* **Raw data**:
== Segment start ==

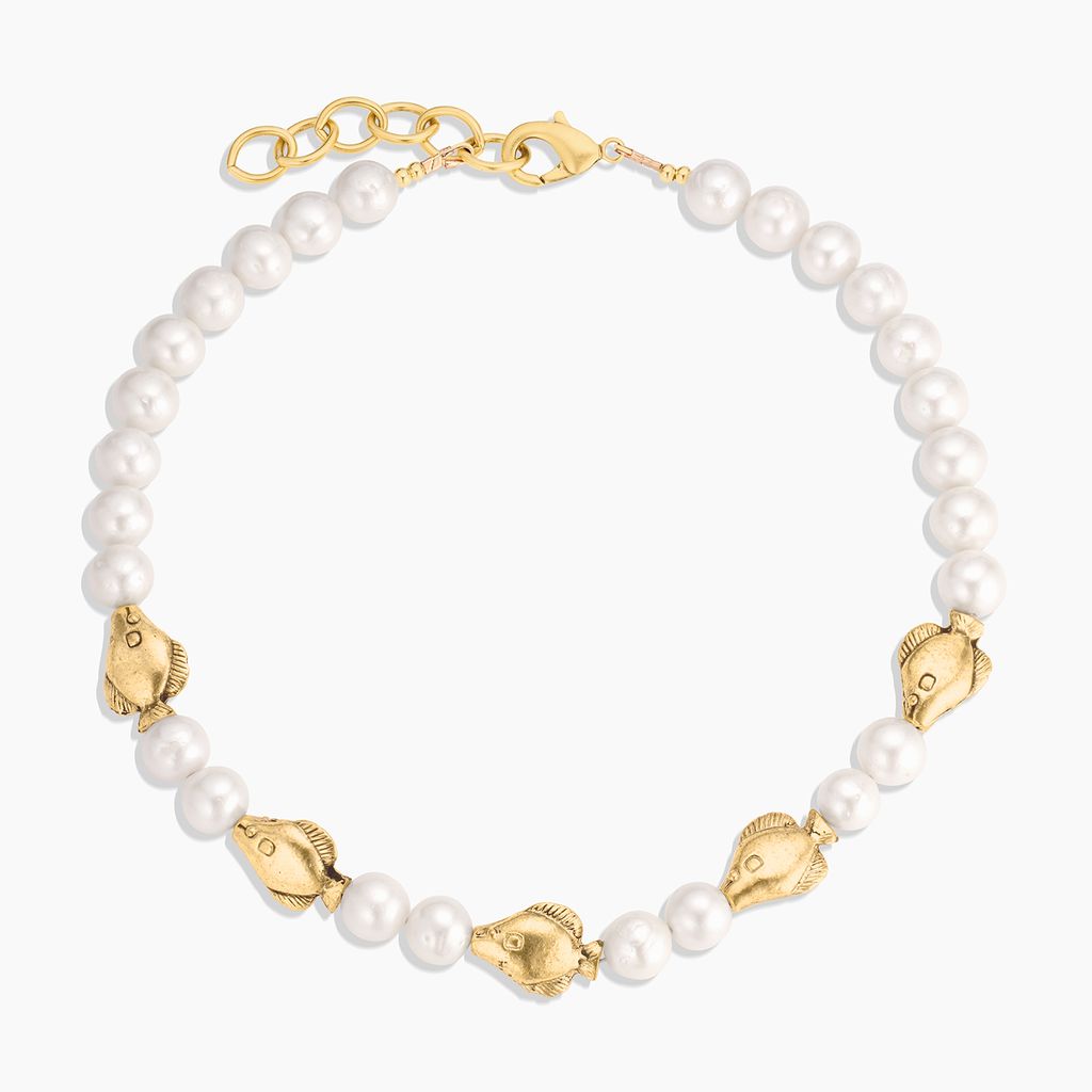 A stunning combination of freshwater pearls and gold-filled fish, THE SEA SALT is a summer statement.
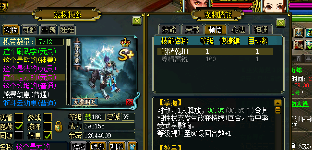 宠物神通不能转换给顿悟出来的技能吗? 我这个要转换给顿悟出来的翻转乾坤,怎么选项里面没有啊
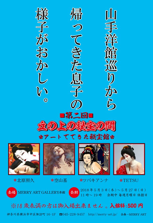 2018年5月3日(木)~5月27日(日) 11:00~19:00■会期中月曜休館日■入館料:500円※18歳未満の方は御入場出来ません。
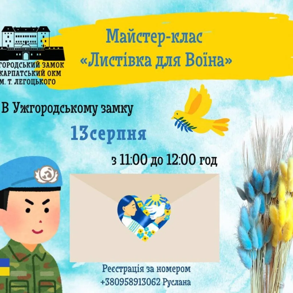 13 серпня з 11:00 до 12:00 в Ужгородському замку, у Краєзнавчому музеї імені Тиводара Легоцького, відбудеться майстер-клас “Листівка для воїна”.

== Segment end ==

* **About this exercise**:
Everything from the line containing "宠物神通不能转换给顿悟出来的" through the end of the data should be printed exactly, line for line, except the pictures.

* **Expected answer**:
 宠物神通不能转换给顿悟出来的技能吗? 我这个要转换给顿悟出来的翻转乾坤,怎么选项里面没有啊
 2018年5月3日(木)~5月27日(日) 11:00~19:00■会期中月曜休館日■入館料:500円※18歳未満の方は御入場出来ません。
 13 серпня з 11:00 до 12:00 в Ужгородському замку, у Краєзнавчому музеї імені Тиводара Легоцького, відбудеться майстер-клас “Листівка для воїна”.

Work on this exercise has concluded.